Protective effects of P2X7R antagonist in sepsis-induced acute lung injury in mice via regulation of circ_0001679 and circ_0001212 and downstream Pln, Cdh2, and Nprl3 expression

Background Sepsis induces pulmonary P2X(7)receptor (P2X(7)R) expression and P2X(7)R-knockout reduced lung inflammation in mice. The present study investigated the expression of circular RNA (circRNA) and mRNA in sepsis-induced acute lung injury (ALI) treated with a P2X(7)R antagonist. Methods Sepsis was induced by tracheal administration of lipopolysaccharide (LPS), and the mice were then divided into two groups: without [sepsis + dimethyl sulfoxide (DMSO)] or with P2X(7)R antagonist treatment (sepsis + P2X(7)A). Sham mice were administrated sterile normal saline. Serum levels of interleukin (IL)-1 beta and tumor necrosis factor (TNF)-alpha, pathological changes, cell apoptosis and P2X(7)R expression in lung were assessed, followed by RNA sequencing (RNA-seq) and bioinformatics analyses. A quantitative reverse transcriptase-polymerase chain reaction (RT-qPCR) was used to validate circRNAs and mRNAs.

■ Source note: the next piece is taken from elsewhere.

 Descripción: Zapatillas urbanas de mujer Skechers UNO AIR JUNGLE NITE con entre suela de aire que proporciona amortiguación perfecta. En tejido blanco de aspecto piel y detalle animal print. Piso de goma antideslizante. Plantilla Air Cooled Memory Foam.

Results Compared to the sham group, LPS-induced sepsis produced obvious pathological changes in lung tissue, as well as increased apoptotic lung cells, serum TNF-alpha and IL-1 beta levels, and P2X(7)R expression; P2X(7)R antagonism significantly ameliorated these changes. RNA-seq identified many dysregulated circRNAs and mRNAs during sepsis, whereas this changed with P2X(7)R antagonism. RT-qPCR confirmed thatMus musculus(mmu)_circ_0001679, mmu_circ_0001212, phospholamban (Pln), cadherin-2 (Cdh2) and nitrogen permease regulator 3-like (Nprl3) expression were significantly increased in the sepsis + DMSO group compared to that in the sham group but were decreased in the sepsis + P2X(7)A group compared to that in the sepsis + DMSO group. The circRNA-microRNA-mRNA coexpression network indicated that mmu_circ_0001679 may regulate Nprl3 and that mmu_circ_0001212 may similarly regulate Pln, Cdh2 and Nprl3 as a competing endogenous RNA. Conclusions P2X(7)R antagonism attenuates sepsis-induced ALI by inhibiting dysregulated expression of circRNA (circ_0001679, circ_0001212) and mRNA (Pln, Cdh2 and Nprl3).